NEW YORK (GenomeWeb News) – The introduction of certain mobile genetic elements to the genome helped spur the transition from egg production to pregnancy during mammalian evolution, according to a study appearing online yesterday in Nature Genetics.
Yale University researchers used RNA sequencing to profile the transcriptomes of human endometrial stromal cells and endometrial tissue samples from a pregnant armadillo and a short-tailed opossum. In the process, they found more than 1,500 genes that were expressed in the placental mammals but not in the opossum, a marsupial. A subset of the differentially expressed sequences fell near sequences for MER20 transposons, a type of transposable element found exclusively in eutherian mammals.
Findings from the group's follow-up experiments hinted that these MER20 transposon sequences help to switch on some genes in endometrial cells during pregnancy in response to appropriate hormone and other cell signals. If so, they explained, placental pregnancy may have evolved through a set of large rather than gradual genetic changes.
"These transposons are not genes that underwent small changes over long periods of time and eventually grew into their new role during pregnancy," lead author Vincent Lynch, a researcher at Yale's ecology and evolutionary biology department, said in a statement. "They are more like prefabricated regulatory units that install themselves into a host genome, which then recycles them to carry out entirely new functions like facilitating maternal-fetal communication."
The researchers focused their attention on endometrial cells in their effort to unravel the genetic contributors to pregnancy in placental (eutherian) mammals because the differentiation and re-programming of the endometrial tissue lining the uterus is an early and important step in pregnancy.
To investigate which genes get turned on during endometrial differentiation, the investigators did RNA sequencing of progesterone-treated human endometrial stroma cells and endometrial samples from a pregnant armadillo and a pregnant opossum using the Illumina GAII platform.
When they compared the expression of orthologs shared by all three species, the team found 1,532 genes that were expressed in human and armadillo samples but not in the sample from the marsupial opossum. On the other hand, in the opossum sample they detected expression for 199 genes not expressed in the placental mammals.
Many of the genes whose expression was bumped up in the placental mammals had functions consistent with a role in pregnancy and endometrial cell differentiation or "decidualization" based on their Gene Ontology profiles.
And when the researchers looked at the differentially expressed sequences in more detail, the team found that a subset of the genes that are more highly expressed in placental mammals — including the dramatically up-regulated PRL gene, which codes for prolactin — appear to be regulated by sequences derived from MER20 transposons.
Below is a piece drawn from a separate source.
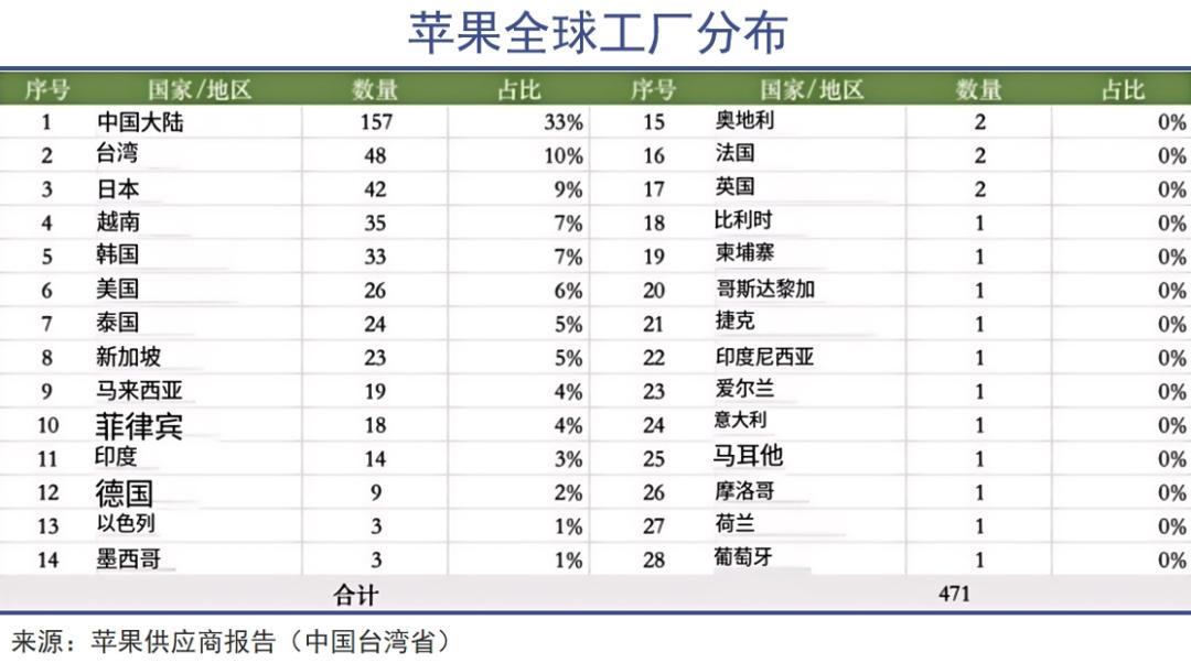 根据去年苹果公布的供应商资料,产业链187家核心企业里,中国大陆共有45家,加上台湾、香港企业共计91家,占比接近一半。

Around 42 percent of the known MER20 sequences in the placental mammalian genome turned up near genes that are differentially regulated during pregnancy, the researchers found when they looked more closely at the sequence.
In addition, their follow-up experiments suggest that these transposons are more likely to be found by genes that respond to progesterone hormone and cyclic AMP signaling in endometrial cells during pregnancy. Moreover, they explained, the transposon sequences appear to facilitate shifts in the expression of these genes via interactions with pregnancy-related transcription factors.
"We conclude that the transposable element, MER20, contributed to the origin of a novel gene regulatory network dedicated to pregnancy in placental mammals," they wrote, "particularly by recruiting the [cyclic AMP] signaling pathway into endometrial stromal cells."
Beyond their implications for understanding placental pregnancy, the results offer new insights into the role that transposable elements can play in evolutionary processes.
"We used to believe that changes only took place through small mutations in our DNA that accumulated over time," senior author Günter Wagner, an ecology and evolutionary biology researcher at Yale, said in a statement. "But in this case we found a huge cut-and-paste operation that altered wide areas of the genome to create large-scale morphological change."